Стражники на западных воротах проводили меня глазами, а я уже скользил и падал на покатом ледяном склоне у западной стены. Скатываясь вниз, я порвал свой плащ о березовый пень и прямиком влетел в торчащий из сугроба куст ежевики. Я ничего не почувствовал, кроме весомой тяжести королевского поручения, лежавшего на моих юных плечах.
— Леди Моргана! — закричал я, приблизившись к лачуге. — Леди Моргана!
Должно быть, она ждала, потому что дверь хижины немедленно распахнулась и лицо Морганы в золотой маске засияло при свете луны.
— Иди! — пронзительно крикнула она. — Иди!

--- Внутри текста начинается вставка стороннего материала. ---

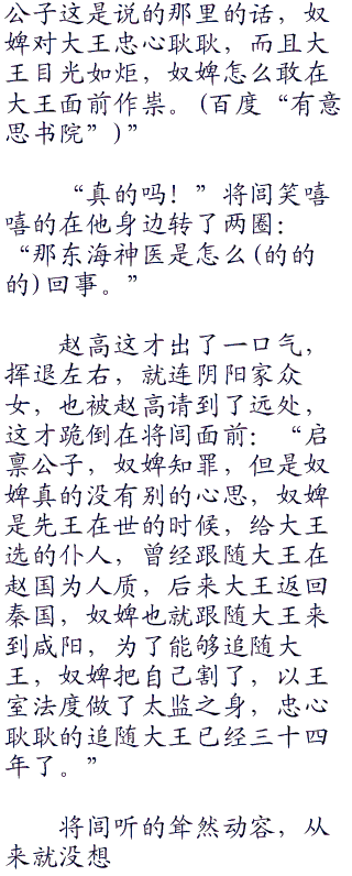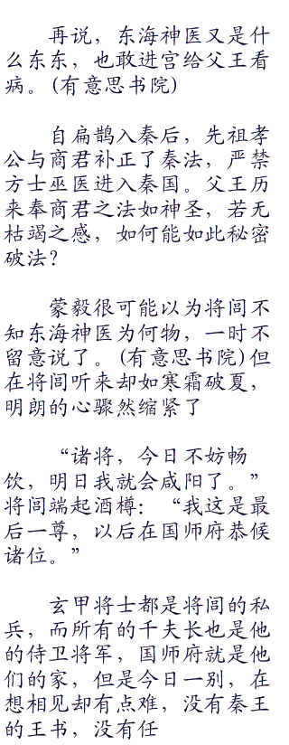 蒙毅笑道:“秦王身体虽然有小恙,但是赵高请了一个东海神医入宫,现在已经没事了。”

И я повернулся и помчался назад вверх по склону холма, а следом за мной неслась по снегу стайка сирот Мерлина. Они тащили кухонные горшки, которые громыхали при каждом их шаге, а когда склон стал уж очень крутым, им пришлось бросать эти горшки вперед и карабкаться вверх следом за ними. Моргана медленно следовала позади в сопровождении своей рабыни Себилы, несшей амулеты и травы.
— Пусть запалят огонь, Дерфель! — прокричала мне Моргана.
— Огонь! — завопил я, едва, запыхавшийся, ворвался в ворота. — Огонь на крепостные валы! Огонь!
Епископ Бедвин запротестовал, не желая допускать Моргану, но верховный король устремил на своего советника яростный взгляд, и епископ смиренно покорился вере предков. Его священникам и монахам приказали уйти и распорядились втаскивать на крепостные валы обгорелые поленья, подсовывать горящие головни под поленницы дров и хворост, надерганный из плетней, огораживавших лепившиеся к северной стене хижины. Костры поначалу тлели и трещали, а потом полыхнули в ночи яркими языками пламени, и дым повис в воздухе, плотным пологом укрывая внутренность крепости от злых духов, сбивая их с толку и преграждая путь к тому месту, где умирали принцесса и ее нерожденное дитя. Мы, молодые, носились вдоль крепостных валов, с грохотом колотя в горшки, поднимая жуткий шум, который мог отпугнуть, пожалуй, не только злых духов.